System of equations for orbit-aware quad census on a node level. ni refers to induced and nn to non-induced counts

Non-induced orbit 14 node census. To determine nn 14(u) we start by enumerating all triangles containing u. Let v and w form a triangle together with u. As u is in orbit 14 we know that each neighbor of v and w that is not u,v or w definitely creates a non-induced paw with u in orbit 14; while this does not necessarily hold for neighbors of u as they might not be connected to v or w (and, if they are, we already gave credit to this). Note that even if a neighbor of either v or w is a neighbor of u as well there is no additional paw with u in orbit 14 and therefore \(nn_{14}(u) = \sum _{\{v,w\}\in T(u)} (d(v)+d(w) -4)\).

Non-induced orbit 4 edge census. Edge e={u,v} is non-induced in orbit 4 for each P 3 starting at u or v which neither contains e nor closes a K 3 with e. The number of P 3s starting at u not containing e equals \(\sum _{w \in N(u) \setminus v}(d(w) - 1)\). However, the node v might be a neighbor of w and therefore there is a path of length two (via w) connecting u and v. Since this creates a three-node subgraph, more precisely a triangle, and not a quad we have to adjust for this by subtracting twice the number of triangles containing e. Consequently, \(en_{4}(u,v) = \sum _{w \in N(u)} d(w) + \sum _{w \in N(v)} d(w) - 2(d(u)+d(v))+2 -2t(u,v)\).

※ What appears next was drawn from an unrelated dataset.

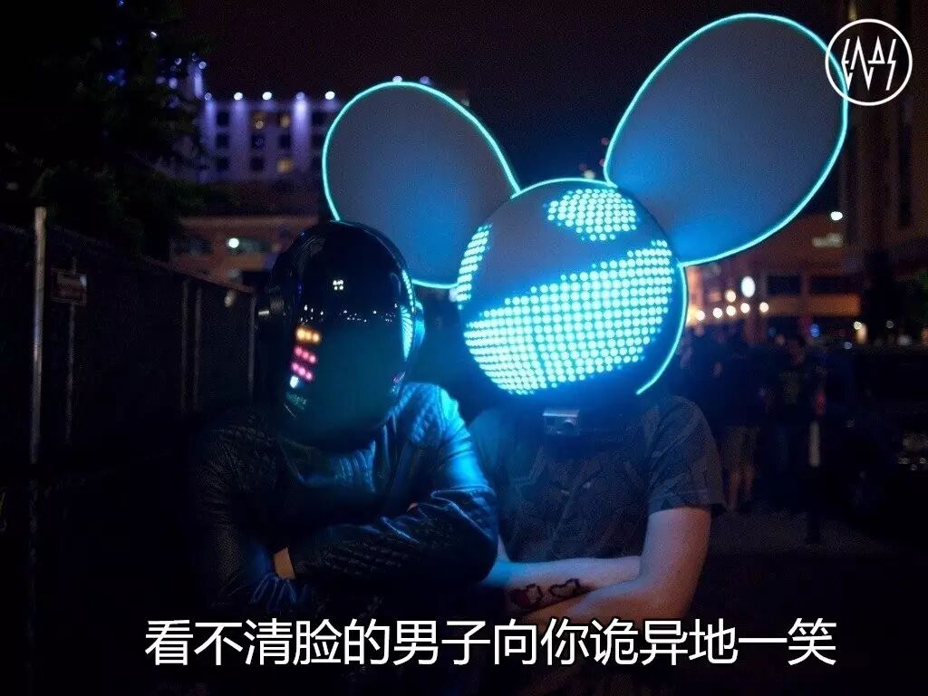 这并不是随便找的图片,他们都是音乐制作人&DJ,不管是头套/面具/眼罩,都只有他们能证明“看不清脸的男子向你诡异地一笑”到底是什么画面。这么说起来,对于电音爱好者来说这早已是养成习惯的东西,真的是一点也不恐怖,甚至还特别有趣,就算具象化地出现在你面前有什么奇怪的吗?恐怕是你不知道他们,这么多艺人你到底认识几位?再进一步理解,戴墨镜之类的情况是不是也可以理解为“看不清脸的男子”呢?

In the following, we focus on the algorithm calculating all required frequencies to solve the systems of equations.

Listing complete quads

In order to be able to solve the systems of equations we need to compute the non-induced quad counts as well as any of the induced frequencies. This requires an algorithm that is capable of solving the following tasks on a node and edge level:

  1. 1.

    Counting and listing all K 3

  2. 2.

    Calculating non-induced C 4 frequencies

  3. 3.

    Determine induced counts of any quad

We chose to calculate the induced counts for K 4 to fulfill requirement 3. The reasons are a) to our knowledge there are no algorithms calculating induced counts on a node and edge level for any other quad more efficiently than the algorithm we are presenting here; b) a K 4 has the property that all nodes and edges lie in the same orbit; c) all non-induced C 4 can be counted during the execution of our algorithm. Since listing, also known as enumerating, all K 4 has to solve the subproblem of listing all K 3, we will start explaining our algorithm by presenting how K 3s can be listed efficiently. Note that this algorithm satisfies requirement 1.

Listing all triangles in a graph is a well studied topic (Ortmann and Brandes 2014). We show in our previous work (Ortmann and Brandes 2014) that one of the oldest triangle listing algorithms, namely K3 by Chiba and Nishizeki (1985) is in practice the fastest. This algorithm is based on neighborhood intersection computations. To achieve the running time of \(\mathcal {O}(a(G)m)\), Chiba and Nishizeki process the graph in a way such that for each intersection only the neighborhood of the smaller degree node has to be scanned. This is done by processing the nodes sequentially in decreasing order of their degree. The currently processed node marks all its neighbors and is removed from the graph. Then the number of marked neighbors of a marked node is calculated.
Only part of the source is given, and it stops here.